School of Last Resort
New doc shows a high school that reaches the most far gone students
By Richard Whittaker, Fri., March 4, 2016
The Bad Kids
Tuesday, March 8, 2:30pm ACC, Room 8ABTwentynine Palms, California, is the perfect setting for a film noir – see the eponymous 2003 film – not an inspiring educational documentary. It's arid, isolated, with a meth problem and double-digit unemployment. It's the kind of community with an implicit acceptance that kids will drop out. But Black Rock High, the school featured in new documentary The Bad Kids, is busting that expectation.
Filmmakers Keith Fulton and Lou Pepe made their names far away from the classroom, by twice chronicling the erratic genius of Terry Gilliam (first in 1996's The Hamster Factor and Other Tales of Twelve Monkeys, then 2002's Lost in La Mancha). In 2011, the pair were hired by Teaching Channel to create short documentaries about public school teachers who were making a difference. After filming several stories in urban Los Angeles, they needed a more rural campus for balance.

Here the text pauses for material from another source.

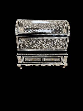 Vintage Exquisite Egyptian Mother-of-Pearl Inlaid Jewelry Box. This type of decorative box is a testament to the intricate artistry of Egyptian craftsmanship, particularly the skill in inlay work that has been passed down through generations.
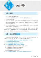 將公文、作文、測驗三大主題以表格方式整理,使初學者能一窺國考國文之核心領域,是一般坊間國文用書所不足之處。

Twentynine Palms, with its combination of pressing need and spectacular scenery, seemed perfect. Pepe said, "The Los Angeles school district is difficult to work with, because it's huge, and they treat most requests to shoot in a school as if you're a network TV show. It's just a lot of red tape. We thought, 'Well, let's go to a district where no one goes, and they'll let us shoot whatever we want.'"
When the pair approached the Morongo Unified School District, they were looking for the traditional feel-good classroom story, and were nervous when administrators told them they should consider Black Rock. "Even in its community, it's known as the school where the bad kids go," Pepe said. "Kids who are homeless, or have kids of their own, or they're recovering from addiction, or they're dealing with abuse, or they've been expelled from their regular high school for behavioral issues, this is where those kids go." As soon as they visited the campus, not only did their concerns evaporate, but they knew that a 15-minute YouTube video wasn't going to be enough. "We walked in the door, and it was the warmest, most embracing environment you could imagine."
Black Rock is one of California's 500 continuation high schools, the network of campuses intended to get potential dropouts over the diploma finish line. Tragically, some are just body storage, a place to put students until they are 18 and no longer the system's problem. Many are run on strict, authoritarian discipline, as if yelling at these kids will make them pay attention. Not Black Rock: Under Principal Vonda Viland, Pepe said, "It's just the opposite. What these kids needed was a more maternal approach that was about acknowledging them, seeing them, letting them know that you see them, and treating them with a gentler hand, a hand that understands that they are more fragile than you think they are."
The program is set up much more like a middle school than a high school, giving flexibility when kids need it because of erratic home lives, and providing all the support they need or can handle. There is still discipline, even expulsions, but the staff knows that they may well be the school of last resort for many of their students. Pepe quoted Viland, and the philosophy behind what she calls her "nurture and nag" approach to education: "The students who need the most love are the ones that show it in the least loving ways." He admitted that "it sounds a little touchy-feely, but for many of these kids, the eight hours when they're at school are the safe hours of their day."
Over the course of a school year, the two-man crew of Pepe and Fulton filmed and talked to many of the Black Rock kids before three came to the fore. None of them are the stereotypical tough case of dropout fiction: There's Jennifer Coffield, the hardworking student whose school career is derailed by an unsupportive family; Lee Bridges, a teen father balancing building a better future for his family against providing for them now; and Joey McGee, a promising and soulful young musician who Pepe describes as having a "mixture of regular teenage issues, addiction issues, and all kinds of issues bigger than I can understand." But just as important as showing these students' lives was portraying the reality of the Black Rock teachers: not miracle workers, just compassionate and determined. When a student arrives with a life full of troubles, "there is no fixing that," said Pepe. "It's about, how do you give young people tools so that when they're ready to take agency in their own lives, they have something more than when they started out?"